Goodingia capillastericola

Scientific classification
- Kingdom: Animalia
- Phylum: Mollusca
- Class: Gastropoda
- Subclass: Caenogastropoda
- Order: Littorinimorpha
- Family: Eulimidae
- Genus: Goodingia
- Species: G. capillastericola
- Binomial name: Goodingia capillastericola Minichev, 1970
- Synonyms: Mucronalia capillastericola Minichev, 1970 ; Mucronella capillastericola [sic];

= Goodingia capillastericola =

- Authority: Minichev, 1970
- Synonyms: Mucronalia capillastericola Minichev, 1970 , Mucronella capillastericola [sic]

Crinoid-parasitic species of gastropod

Goodingia capillastericola is a species of sea snail, a marine gastropod mollusk in the family Eulimidae. This species, along with Goodingia varicosa belongs in the genus Goodingia and are crinoid-parasitic.

== Description ==
G. capillastericola has an oblong, transparent, conical shell ending in a body whorl. It has a small operculum with a large proboscis. They have hermaphroditic reproductive systems. Due to their transparent shells, their soft flesh is visually exposed, demonstrating their characteristic white-and-brown striped patterning.

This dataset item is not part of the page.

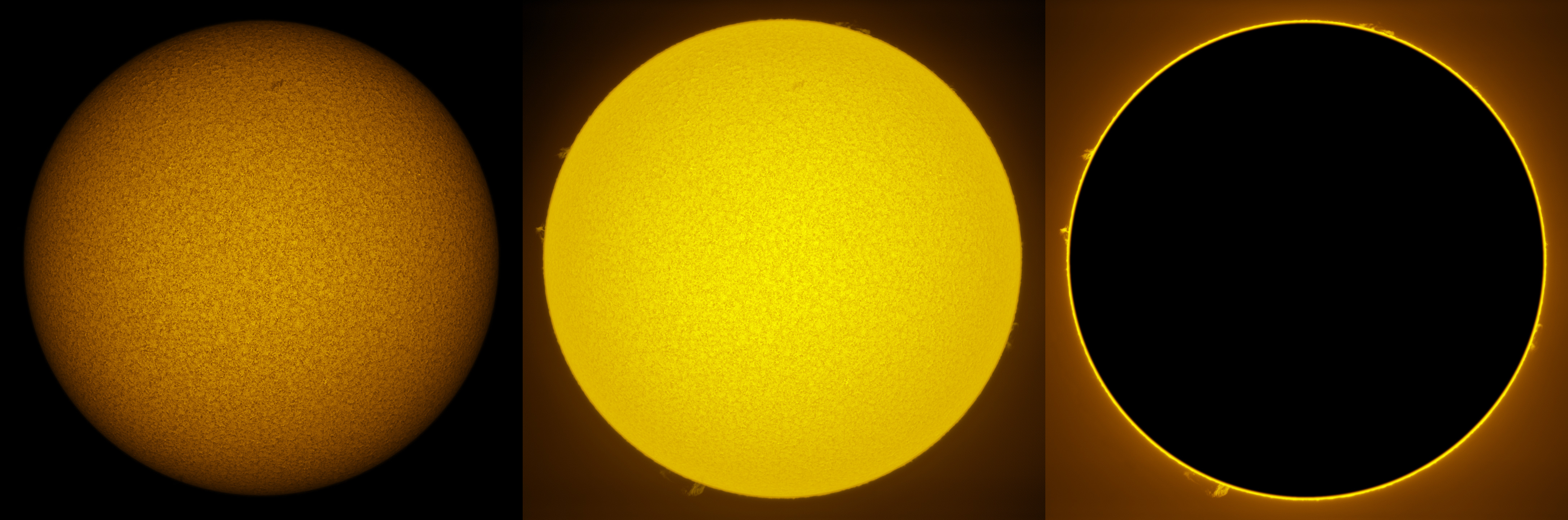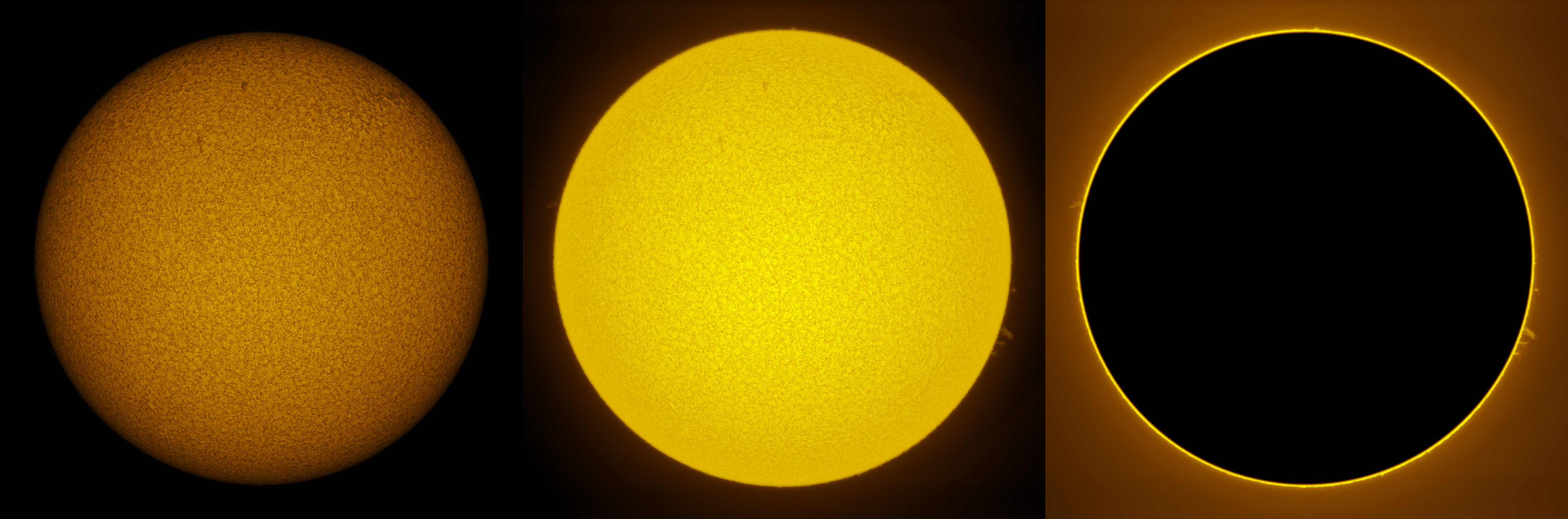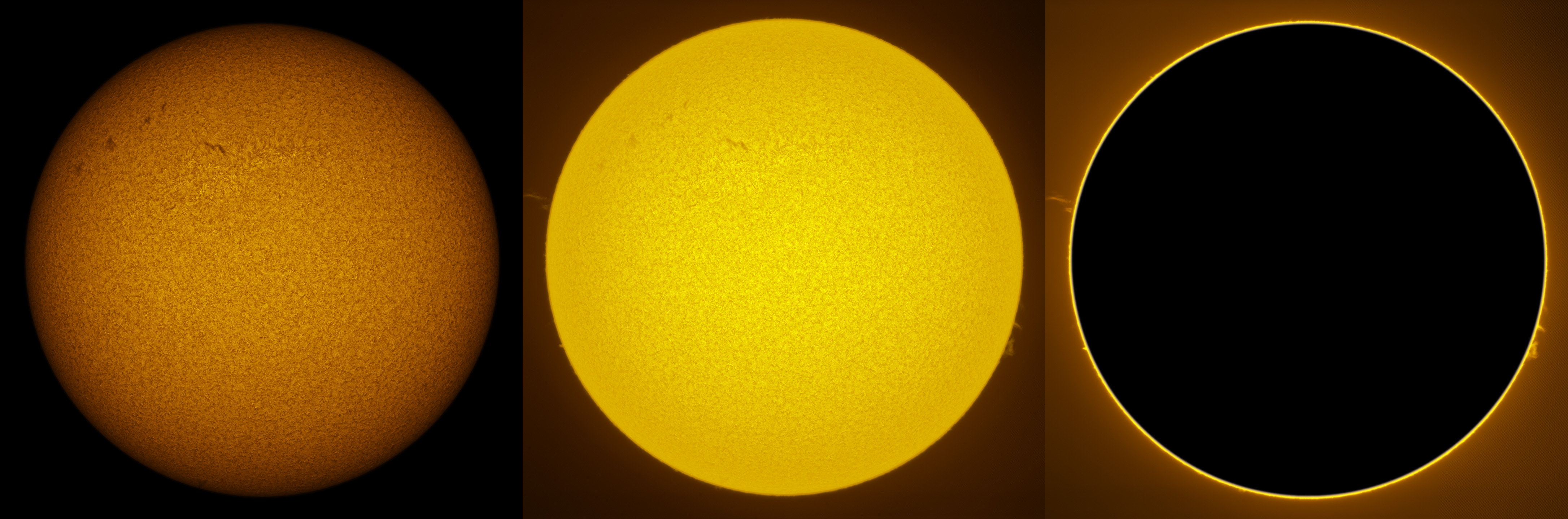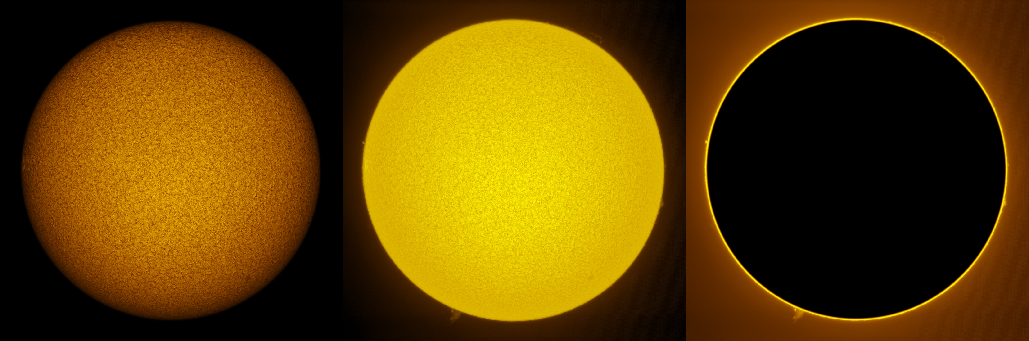 SUN (20200925) WL, CaK & H-alpha (10:00 UTC). TV101 F/5.4, LUNT 1200 CaK Module, SM60, BF30, PGR GRASSHOPPER 3 GS3-U3-28S4

As veliger, they possess a well-developed head and a foot, and small velar lobes (fleshy modules extending from the velum).

G. capillastericola differs from its congener, Goodingia varicosa, by having a rounder shell and a different position of its seminal vesicle in its hermaphroditic reproductive system, hence their inability to cross-reproduce.

== Habitat ==
Goodingia capillastericola has been found in the Northern Red Sea (Gulf of Aqaba), Japan (Amami-Oshima Island), and Papa New Guinea (Sek Island, Madang Province). Specimens have been found attached to arms of the feather star Capillaster multiradiatus in coral reefs 2-2.5m deep. Specimens found in Japan and Papa New Guinea were found to be morphologically identical, but genetically distinct.